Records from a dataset
* * * *

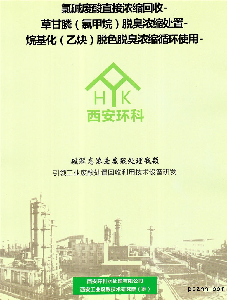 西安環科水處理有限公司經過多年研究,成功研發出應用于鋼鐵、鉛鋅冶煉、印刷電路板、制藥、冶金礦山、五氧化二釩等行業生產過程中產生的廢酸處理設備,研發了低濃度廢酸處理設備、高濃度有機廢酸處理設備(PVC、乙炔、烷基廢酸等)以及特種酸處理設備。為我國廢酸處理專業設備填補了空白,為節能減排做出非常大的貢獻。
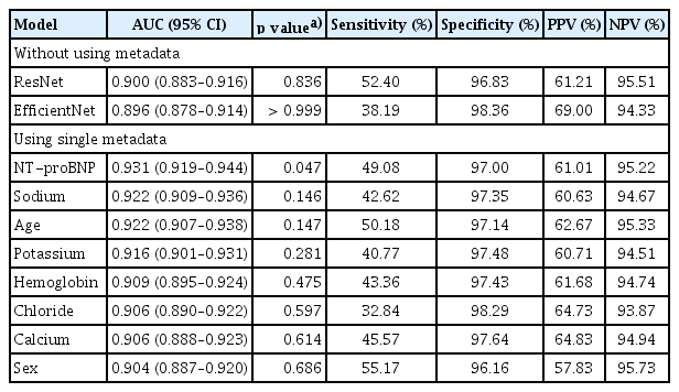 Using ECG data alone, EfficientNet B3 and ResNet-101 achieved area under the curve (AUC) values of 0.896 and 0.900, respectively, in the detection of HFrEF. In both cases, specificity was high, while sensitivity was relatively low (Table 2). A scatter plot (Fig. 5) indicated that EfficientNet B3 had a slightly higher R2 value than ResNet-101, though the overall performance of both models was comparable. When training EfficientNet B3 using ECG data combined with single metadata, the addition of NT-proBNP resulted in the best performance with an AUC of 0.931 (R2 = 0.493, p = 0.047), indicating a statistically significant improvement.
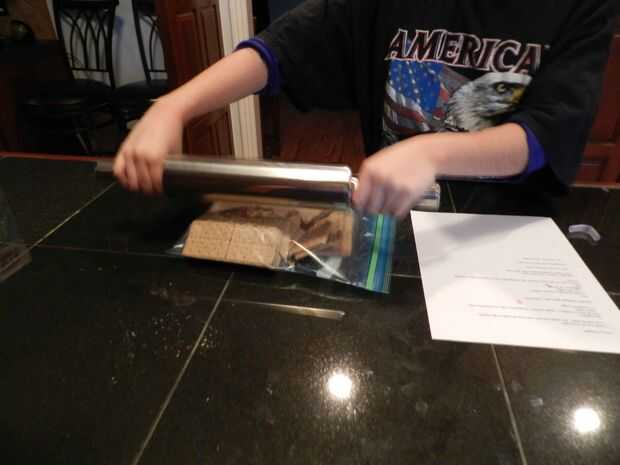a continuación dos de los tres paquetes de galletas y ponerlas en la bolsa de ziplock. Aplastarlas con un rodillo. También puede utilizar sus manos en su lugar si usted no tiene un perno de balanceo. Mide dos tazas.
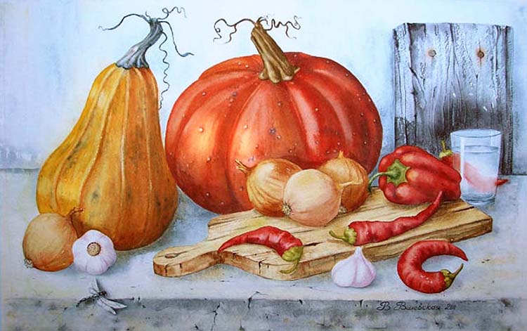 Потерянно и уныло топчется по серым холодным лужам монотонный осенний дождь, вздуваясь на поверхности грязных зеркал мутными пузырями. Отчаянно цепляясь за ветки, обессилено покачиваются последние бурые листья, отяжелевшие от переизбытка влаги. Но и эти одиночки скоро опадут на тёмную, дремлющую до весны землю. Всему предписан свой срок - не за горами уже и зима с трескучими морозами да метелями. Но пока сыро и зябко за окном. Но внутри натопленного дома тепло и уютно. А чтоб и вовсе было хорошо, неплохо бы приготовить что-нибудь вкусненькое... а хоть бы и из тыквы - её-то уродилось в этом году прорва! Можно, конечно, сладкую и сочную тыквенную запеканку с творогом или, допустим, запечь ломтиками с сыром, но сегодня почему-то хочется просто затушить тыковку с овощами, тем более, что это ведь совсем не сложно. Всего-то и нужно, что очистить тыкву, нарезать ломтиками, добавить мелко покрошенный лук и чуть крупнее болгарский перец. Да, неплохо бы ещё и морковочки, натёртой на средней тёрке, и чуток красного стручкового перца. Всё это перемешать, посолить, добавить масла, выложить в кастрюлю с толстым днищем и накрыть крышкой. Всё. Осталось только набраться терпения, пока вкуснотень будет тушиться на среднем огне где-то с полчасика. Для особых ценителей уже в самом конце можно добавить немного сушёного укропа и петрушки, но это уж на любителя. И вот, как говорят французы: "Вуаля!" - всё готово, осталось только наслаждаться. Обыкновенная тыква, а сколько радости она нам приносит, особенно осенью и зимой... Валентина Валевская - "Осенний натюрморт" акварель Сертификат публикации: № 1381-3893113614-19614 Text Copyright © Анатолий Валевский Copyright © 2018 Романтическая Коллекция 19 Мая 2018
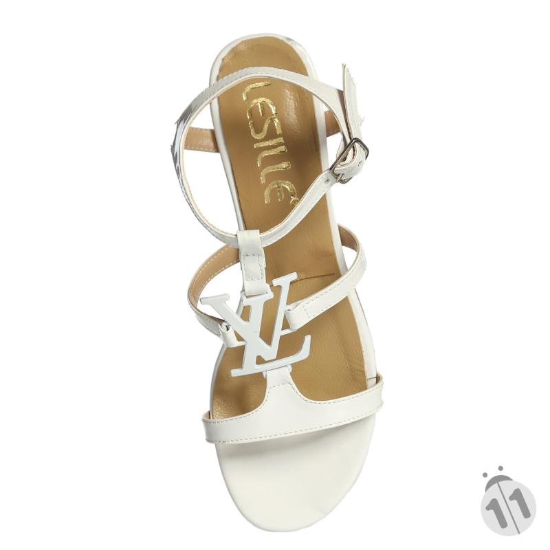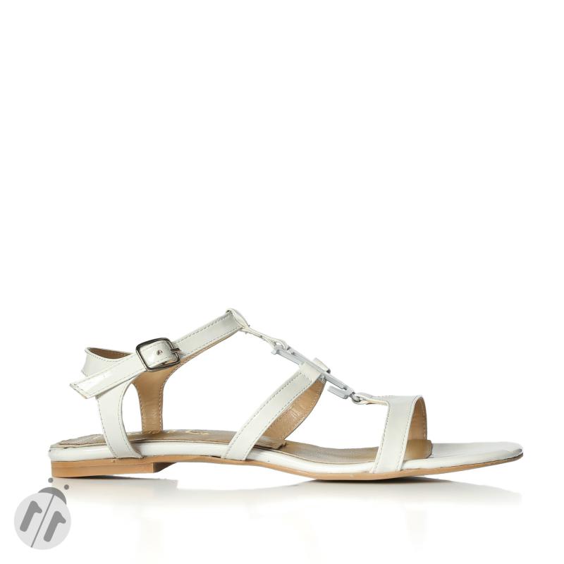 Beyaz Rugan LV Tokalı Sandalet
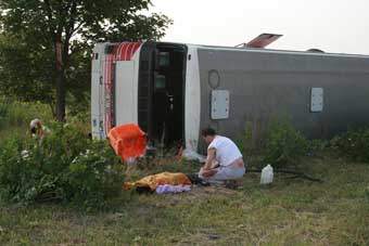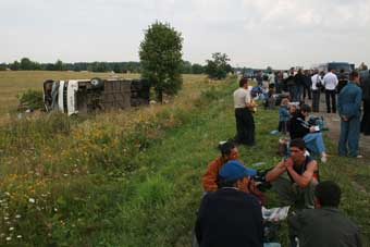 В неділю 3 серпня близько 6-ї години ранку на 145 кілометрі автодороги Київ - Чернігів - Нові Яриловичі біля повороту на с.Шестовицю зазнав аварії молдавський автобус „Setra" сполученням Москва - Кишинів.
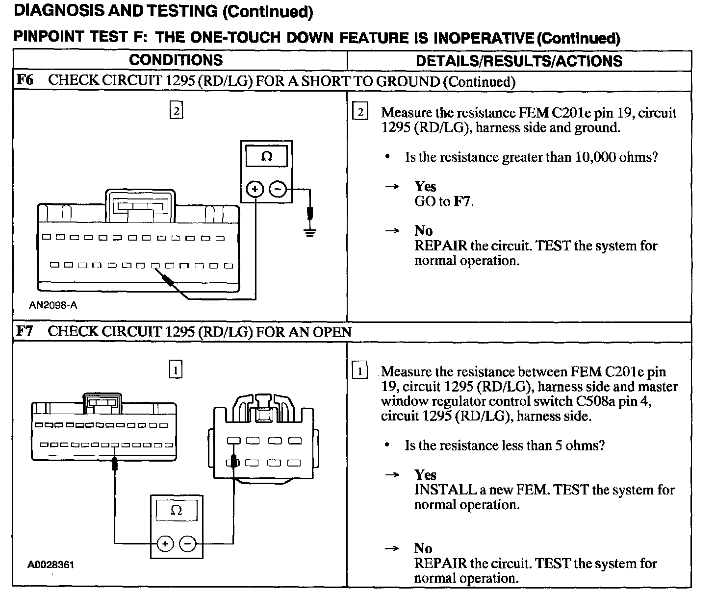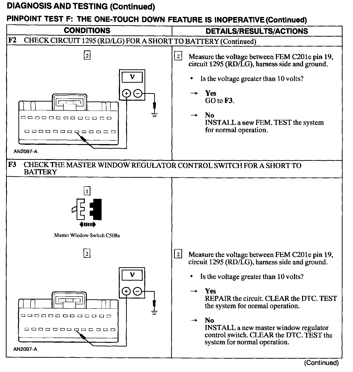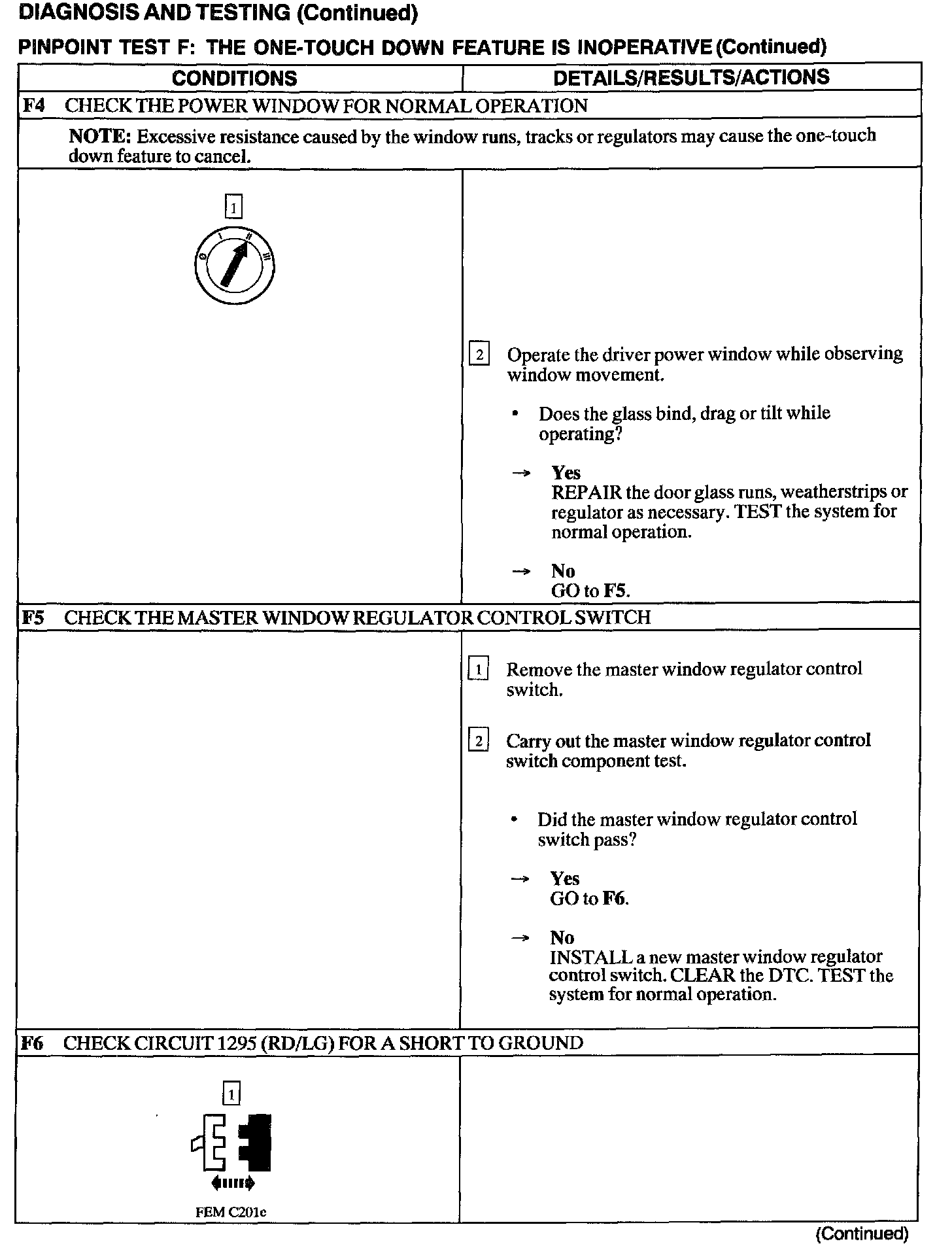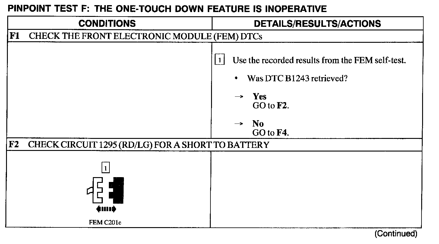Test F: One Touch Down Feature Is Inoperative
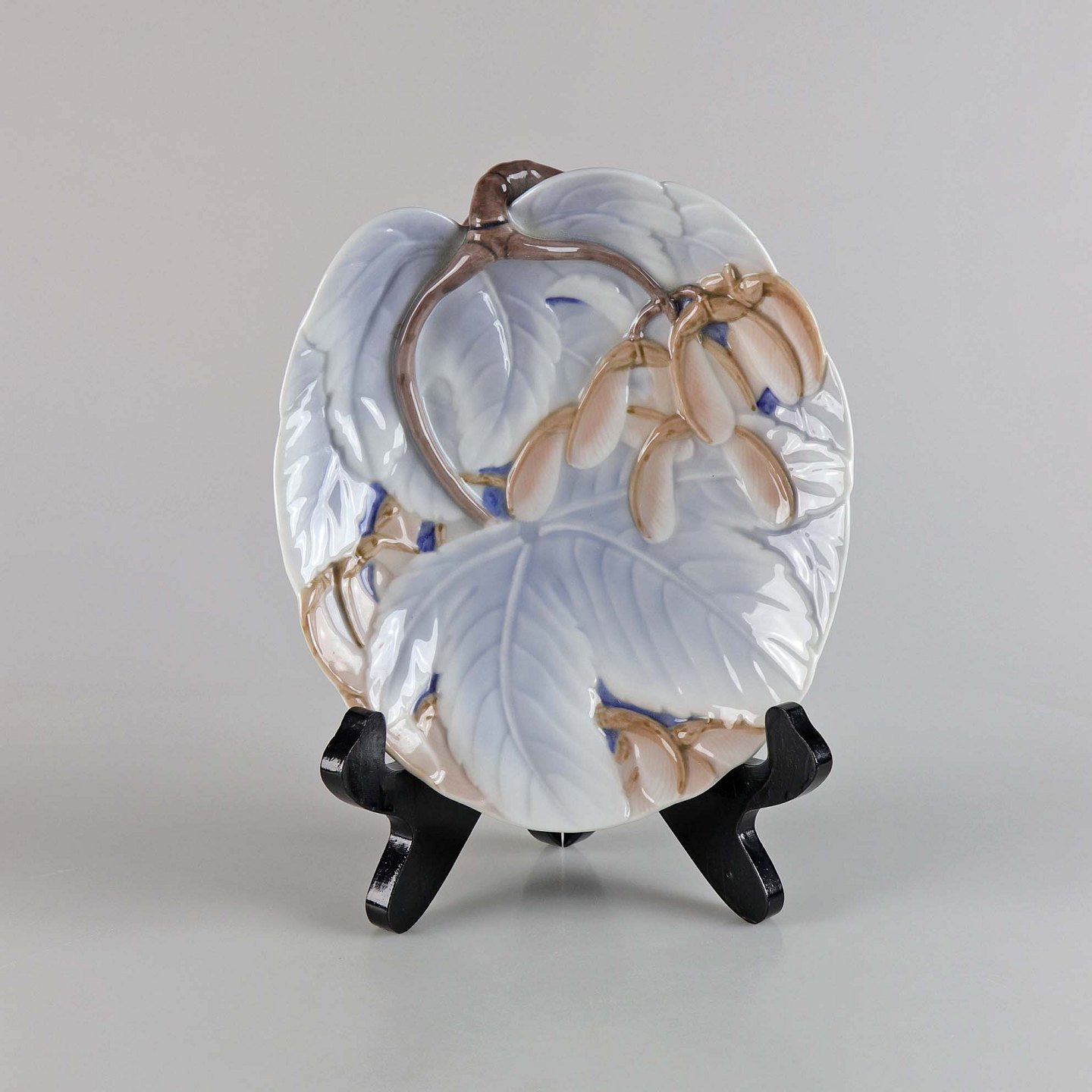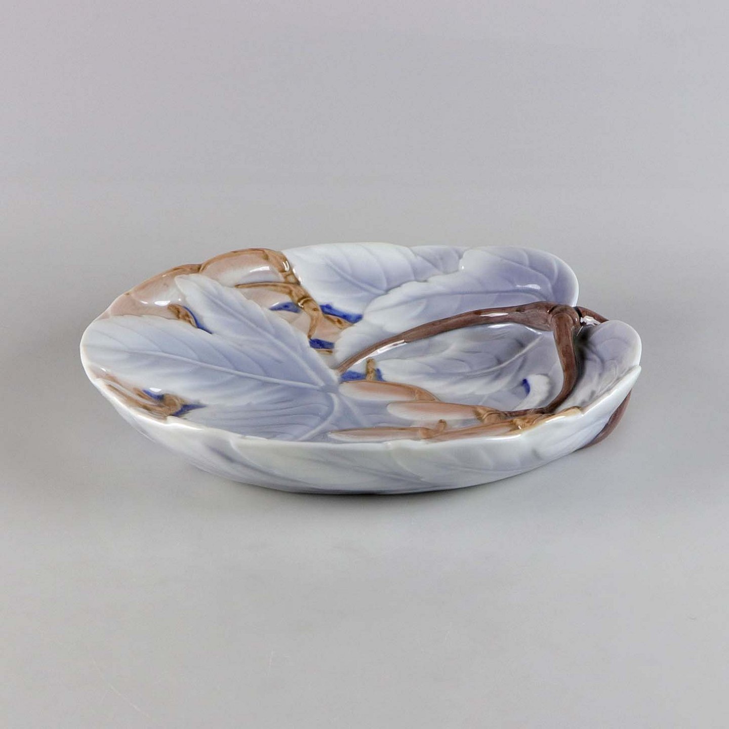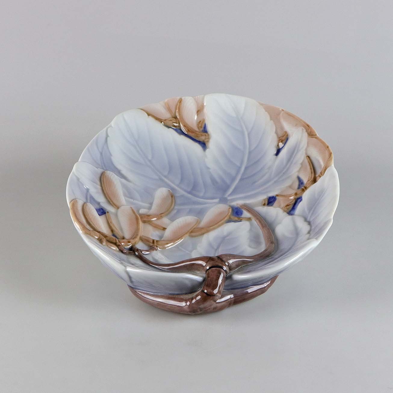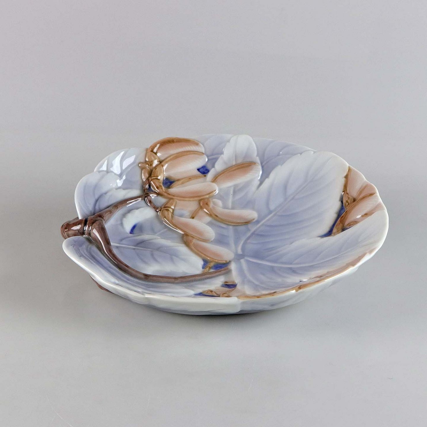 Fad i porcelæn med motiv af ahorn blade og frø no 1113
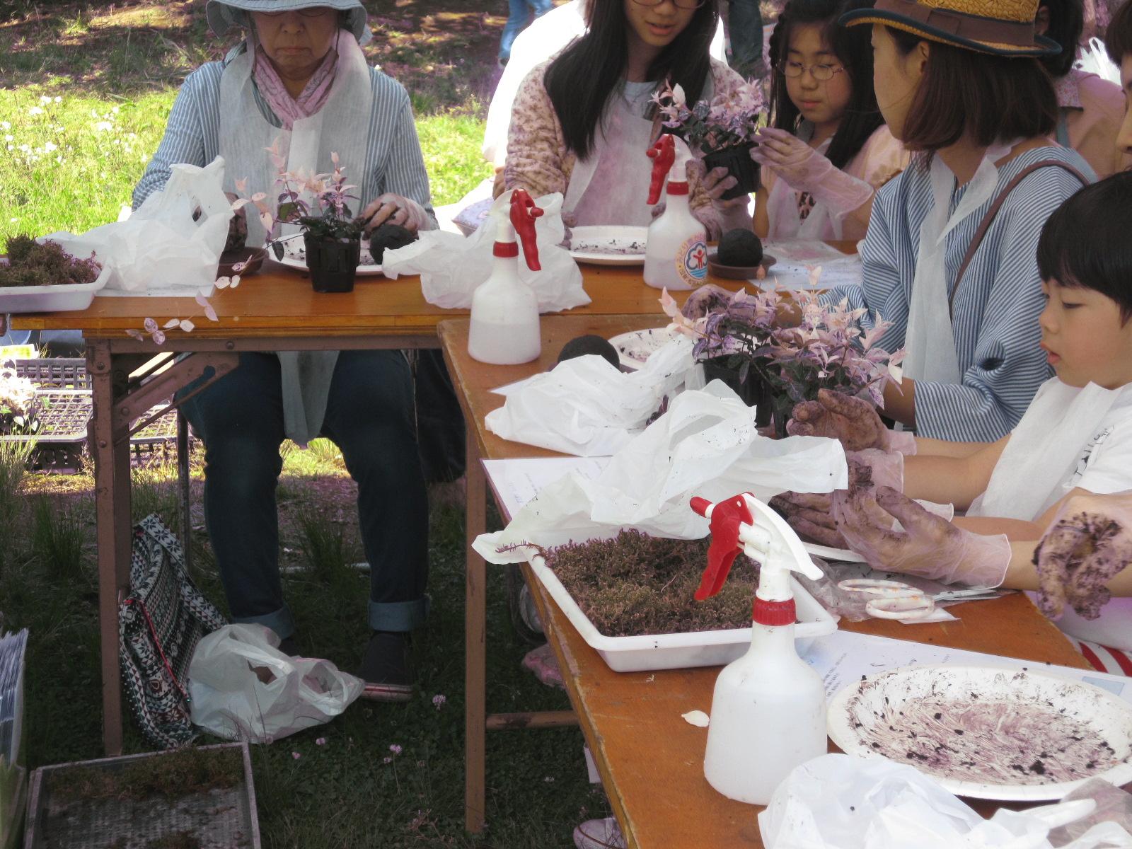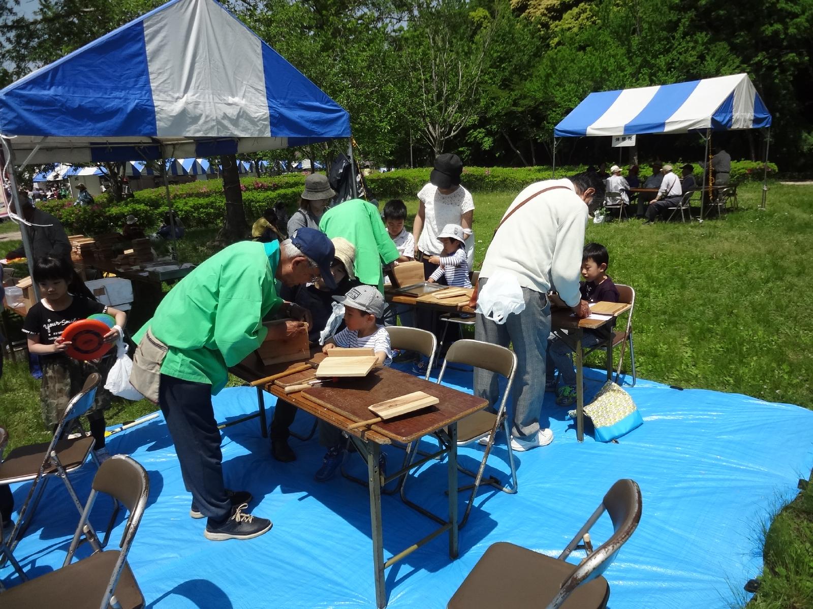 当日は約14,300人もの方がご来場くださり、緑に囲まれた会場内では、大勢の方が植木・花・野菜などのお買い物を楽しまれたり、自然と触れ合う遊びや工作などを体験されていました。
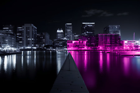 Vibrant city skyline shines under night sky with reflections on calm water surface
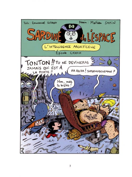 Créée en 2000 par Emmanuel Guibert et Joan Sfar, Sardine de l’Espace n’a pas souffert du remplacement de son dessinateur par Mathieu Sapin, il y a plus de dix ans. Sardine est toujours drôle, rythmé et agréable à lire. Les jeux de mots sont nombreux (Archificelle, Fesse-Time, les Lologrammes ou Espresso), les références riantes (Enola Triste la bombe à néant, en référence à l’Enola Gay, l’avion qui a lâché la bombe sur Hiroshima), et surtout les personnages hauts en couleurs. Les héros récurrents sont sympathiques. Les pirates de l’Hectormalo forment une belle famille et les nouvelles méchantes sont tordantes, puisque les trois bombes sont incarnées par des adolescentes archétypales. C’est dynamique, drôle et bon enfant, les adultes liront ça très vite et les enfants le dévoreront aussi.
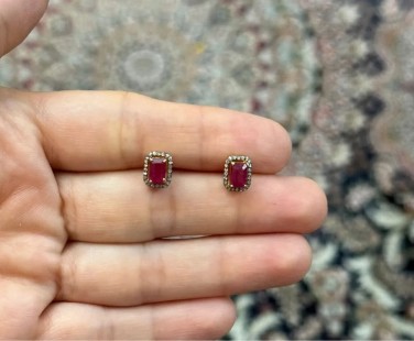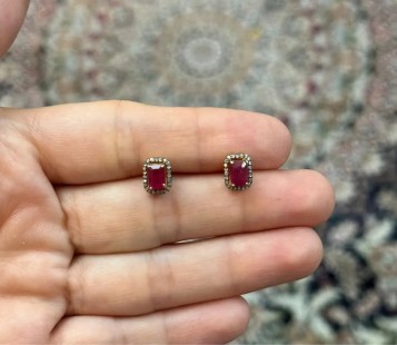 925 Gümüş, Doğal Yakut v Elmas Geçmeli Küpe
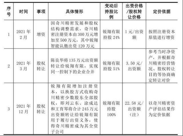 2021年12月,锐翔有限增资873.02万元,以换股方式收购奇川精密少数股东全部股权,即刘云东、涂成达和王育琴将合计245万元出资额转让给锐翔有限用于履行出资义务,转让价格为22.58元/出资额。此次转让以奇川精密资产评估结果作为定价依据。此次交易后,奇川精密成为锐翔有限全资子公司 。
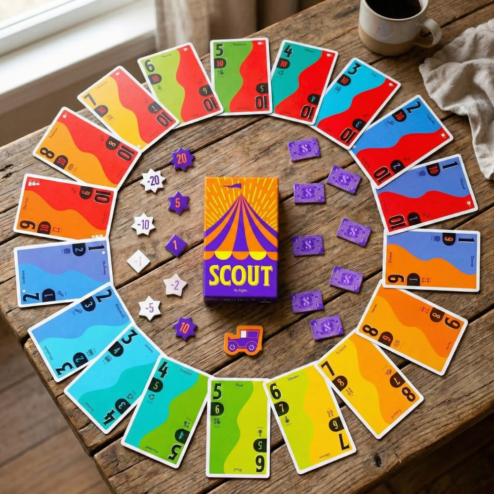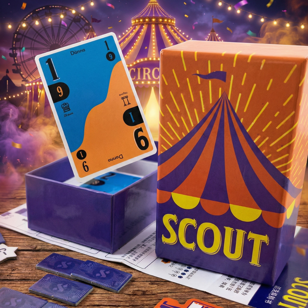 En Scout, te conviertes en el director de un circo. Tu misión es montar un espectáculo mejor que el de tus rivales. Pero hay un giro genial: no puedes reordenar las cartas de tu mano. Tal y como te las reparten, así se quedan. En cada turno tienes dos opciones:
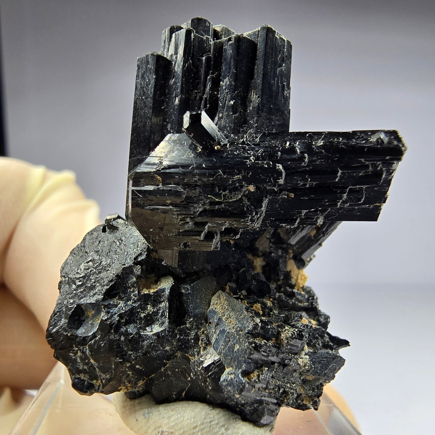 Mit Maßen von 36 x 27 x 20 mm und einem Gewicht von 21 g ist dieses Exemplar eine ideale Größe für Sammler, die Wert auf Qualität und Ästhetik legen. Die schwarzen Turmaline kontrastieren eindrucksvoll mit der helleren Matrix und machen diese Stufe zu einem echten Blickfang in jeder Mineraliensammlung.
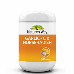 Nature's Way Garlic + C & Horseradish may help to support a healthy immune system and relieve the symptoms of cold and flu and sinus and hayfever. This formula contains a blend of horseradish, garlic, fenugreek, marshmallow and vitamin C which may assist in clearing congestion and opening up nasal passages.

* * * *

Lines wanted from the entries above: the one with "Fad i porcelæn", the one with "Vibrant city skyline", and all lines between. Please copy them exactly, without the pictures and without anything else.

Output for this task:
 Fad i porcelæn med motiv af ahorn blade og frø no 1113
 当日は約14,300人もの方がご来場くださり、緑に囲まれた会場内では、大勢の方が植木・花・野菜などのお買い物を楽しまれたり、自然と触れ合う遊びや工作などを体験されていました。
 Vibrant city skyline shines under night sky with reflections on calm water surface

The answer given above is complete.